Mike Clark had an interesting path to being a full-time musician. He worked as a land surveyor for 23 years, and had nearly given up on his band The Sugar Sounds, when one particular song started to blow up on Spotify. It was included in a playlist and brought the band enough interest that he could focus on being a full-time musician.
That was 2017, and since then Mike Clark has been on a tear, touring the country with his throwback rock/soul sound.
That song, by the way, was Smooth Sailin’. It’s now their No. 1 song on Spotify, with nearly 3.5 million plays on the streaming platform, more than 2 million more than their next most popular song.
See it below (oddly there’s no music video or live video - there are for other Mike Clark songs):
Clark himself has no idea why that particular song landed as opposed to his other songs, he told Tahoe Weekly, but he was happy to give folks more of that they want.

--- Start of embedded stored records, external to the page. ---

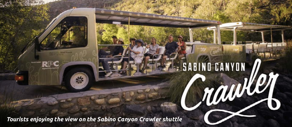 recreation area for both residents and visitors alike. The area has been closed to private vehicles since 1978, but visitors can tour the canyon via the emission-free, open-air Sabino Canyon Crawler. The 1-hour round trip features an audio tour where passengers can plug provided earbuds in at their seat, providing a unique experience for those on the tour while shielding non-shuttle canyon visitors from noise and sounds. The narration is available in English and Spanish. The shuttle system features five Sabino Canyon Crawlers, each with seating space for up to 62 passengers.
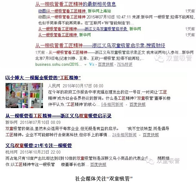確實(shí),近兩年,“雙童吸管”不斷地被新華社、人民網(wǎng)等各大媒體作為“工匠精神”的代表企業(yè)推到臺(tái)前,我們也深受鼓舞,就像當(dāng)家人樓總所說,我們一定要把產(chǎn)品做成“精品”,企業(yè)才有將來!下面,就請(qǐng)大家和吸管妞一起來看看這一篇精彩的文章吧!
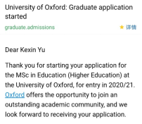 和牛津建立关联的第一封邮件是系统注册成功的通知,在10月底许多申请已经快接近尾声的时候,我还是决定冲一冲牛津和剑桥,毕竟以后还能说自己也是申过牛剑的人哈哈。当时觉得能和牛剑沾亲带故就非常满足了。

In some ways the song is emblematic of what Mike Clark is all about - a little bit throwback rock, a little soul groove. The instrumentation of the band is interesting - guitar, keyboard, sax and drums, though most of the time, including in his upcoming Lamplight Sessions show, he plays as a duo with this drummer.
Though some degree of fame hit in 2017, Clark has been playing since 2007, and recorded his first album in 2013. Early on he got to know Willy Tea Taylor, who has also played at Lamplight Sessions and at Isherwood Hall. The two struck up a friendship and even recorded a song together.
He actually got his start in music while touring the west coast in mountain bike races. A fellow mountain biker had brought along a guitar, and Clark then bought himself a harmonica, later taking up the guitar, banjo, mandolin and violin, according to Tahoe Weekly.
As far as his songwriting process, he said in that same publication:
“Everything is packaged in a 3-minute pop song for me,” he says. “If it’s got three hooks, I know it’s going to do pretty well. I write songs about living in Pueblo and the gun violence there. I write love songs about the way I feel. I write about the struggle of all the people before me trying to keep their families warm. And I write a lot of songs about coffee.”
This will be a fun act at Lamplight Sessions, which is becoming one of the major hot spots of talented music in central Wisconsin.
Mike Clark and the Sugar Sounds | Lamplight Sessions | Aug. 25. 7 pm, doors open at 6 pm.